Study material

□ □ □ □ □

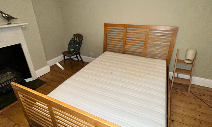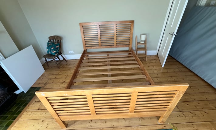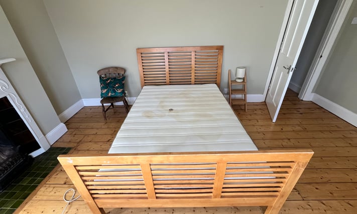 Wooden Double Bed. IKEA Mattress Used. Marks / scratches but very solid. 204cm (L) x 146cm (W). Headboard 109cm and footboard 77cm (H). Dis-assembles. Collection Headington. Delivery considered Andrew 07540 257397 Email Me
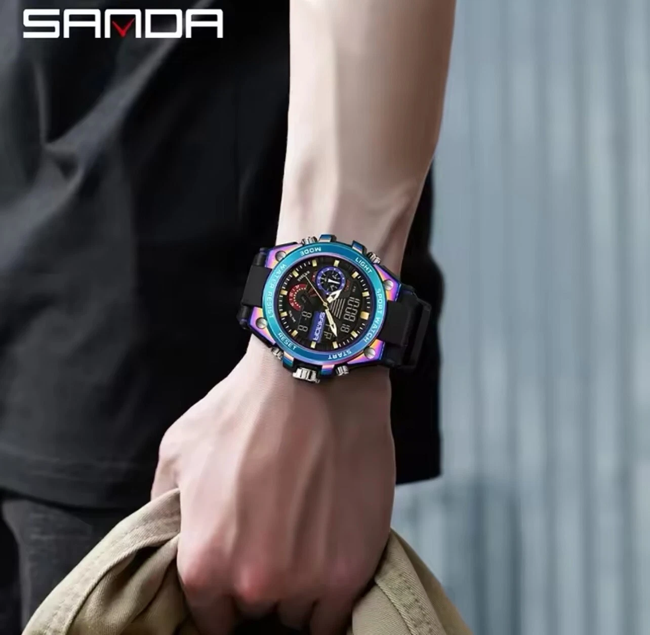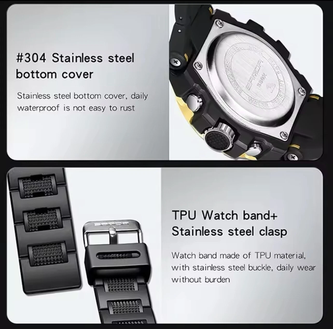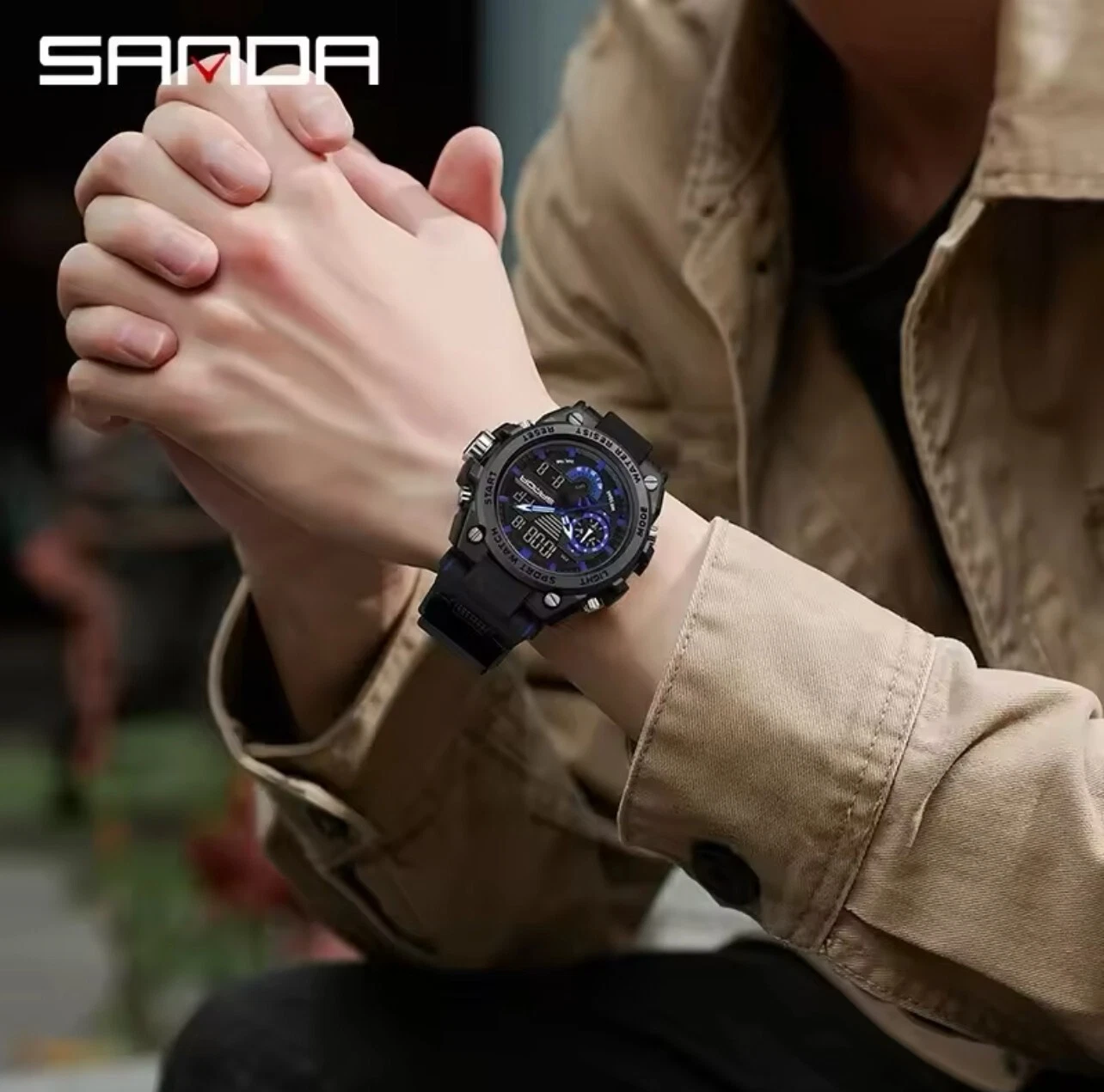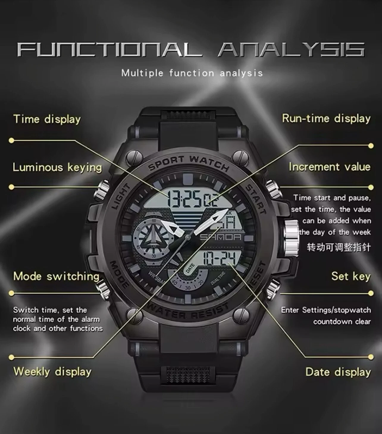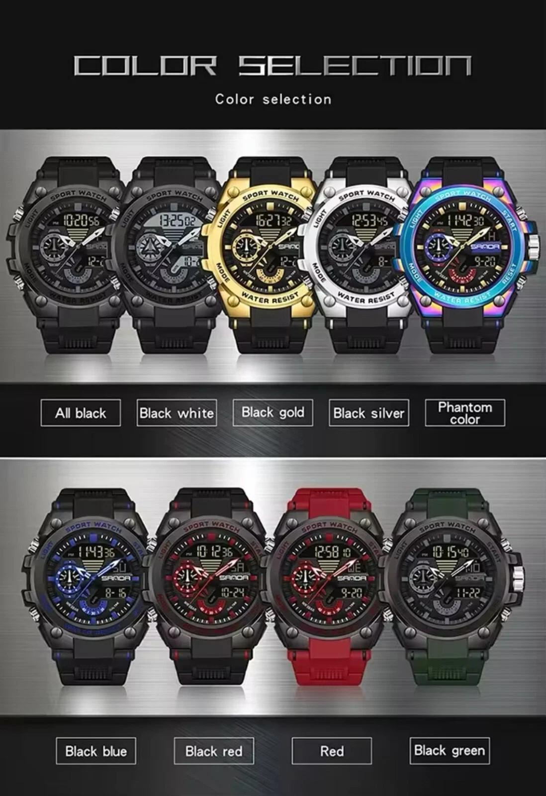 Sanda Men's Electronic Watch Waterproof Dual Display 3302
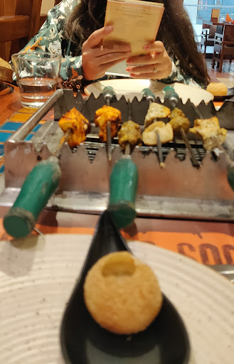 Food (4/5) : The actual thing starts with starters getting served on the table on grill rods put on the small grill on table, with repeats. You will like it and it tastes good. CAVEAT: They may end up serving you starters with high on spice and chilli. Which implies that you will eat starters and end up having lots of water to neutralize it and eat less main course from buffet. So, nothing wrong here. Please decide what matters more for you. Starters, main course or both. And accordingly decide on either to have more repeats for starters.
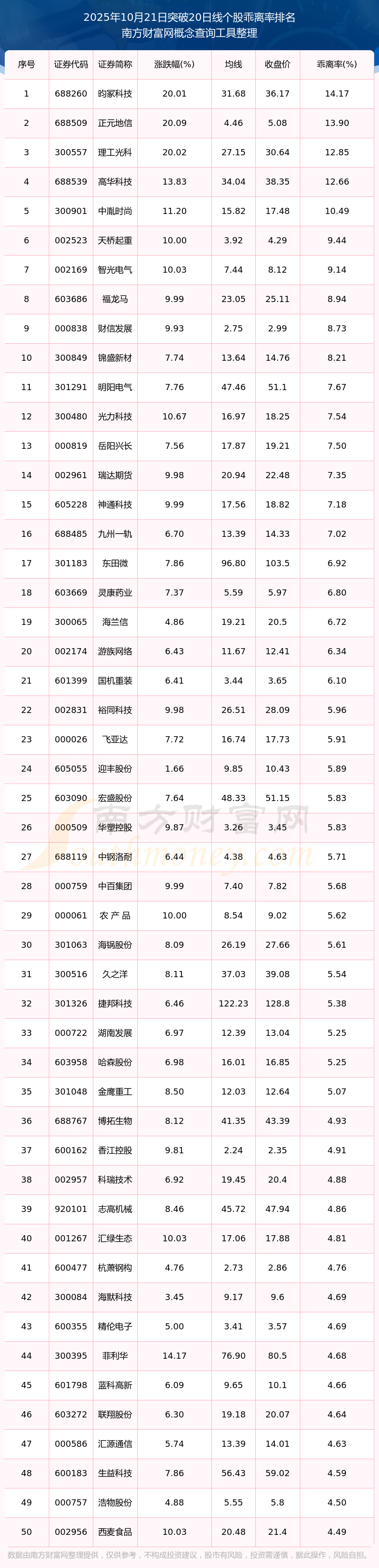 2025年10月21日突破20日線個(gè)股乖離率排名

□ □ □ □ □

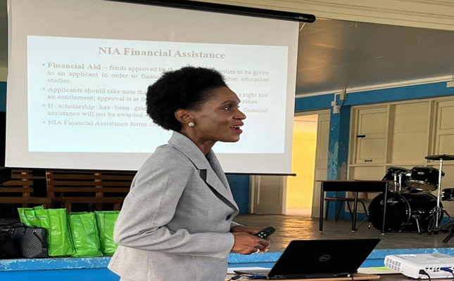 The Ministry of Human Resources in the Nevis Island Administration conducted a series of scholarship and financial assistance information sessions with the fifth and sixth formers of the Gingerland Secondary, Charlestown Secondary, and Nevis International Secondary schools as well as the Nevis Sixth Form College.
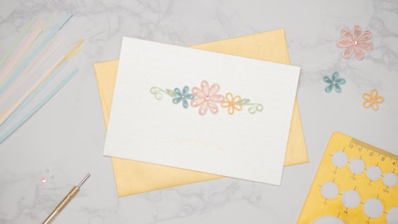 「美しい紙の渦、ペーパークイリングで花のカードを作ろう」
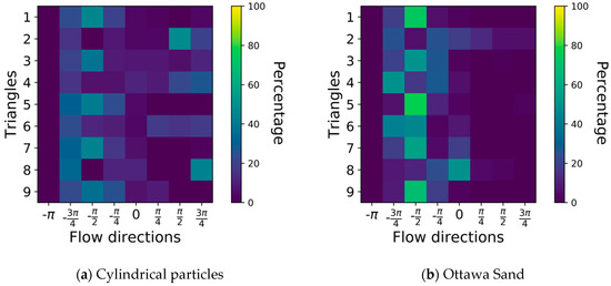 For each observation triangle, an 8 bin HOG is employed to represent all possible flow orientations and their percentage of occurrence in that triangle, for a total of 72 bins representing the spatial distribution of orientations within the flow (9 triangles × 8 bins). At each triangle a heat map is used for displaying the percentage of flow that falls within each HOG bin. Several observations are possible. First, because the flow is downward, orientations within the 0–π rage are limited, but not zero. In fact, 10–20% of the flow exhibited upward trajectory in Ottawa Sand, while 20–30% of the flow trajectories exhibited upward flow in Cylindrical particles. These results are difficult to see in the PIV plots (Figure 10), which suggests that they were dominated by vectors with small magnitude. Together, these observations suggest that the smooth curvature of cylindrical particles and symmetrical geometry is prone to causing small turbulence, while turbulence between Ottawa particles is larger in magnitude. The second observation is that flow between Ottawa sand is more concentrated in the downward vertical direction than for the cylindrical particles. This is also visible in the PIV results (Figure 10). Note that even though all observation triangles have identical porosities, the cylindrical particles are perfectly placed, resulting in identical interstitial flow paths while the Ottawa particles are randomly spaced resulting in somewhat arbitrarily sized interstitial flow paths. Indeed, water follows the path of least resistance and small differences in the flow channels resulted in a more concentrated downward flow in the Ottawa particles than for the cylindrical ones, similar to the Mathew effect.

□ □ □ □ □

Excerpt from the records above: set down only the lines from the one that contains "Wooden Double Bed." through the one that contains "2025年10月21日突破20日線個(gè)股乖離率排名", inclusive, word for word. Pictures stay out.

 Wooden Double Bed. IKEA Mattress Used. Marks / scratches but very solid. 204cm (L) x 146cm (W). Headboard 109cm and footboard 77cm (H). Dis-assembles. Collection Headington. Delivery considered Andrew 07540 257397 Email Me
 Sanda Men's Electronic Watch Waterproof Dual Display 3302
 Food (4/5) : The actual thing starts with starters getting served on the table on grill rods put on the small grill on table, with repeats. You will like it and it tastes good. CAVEAT: They may end up serving you starters with high on spice and chilli. Which implies that you will eat starters and end up having lots of water to neutralize it and eat less main course from buffet. So, nothing wrong here. Please decide what matters more for you. Starters, main course or both. And accordingly decide on either to have more repeats for starters.
 2025年10月21日突破20日線個(gè)股乖離率排名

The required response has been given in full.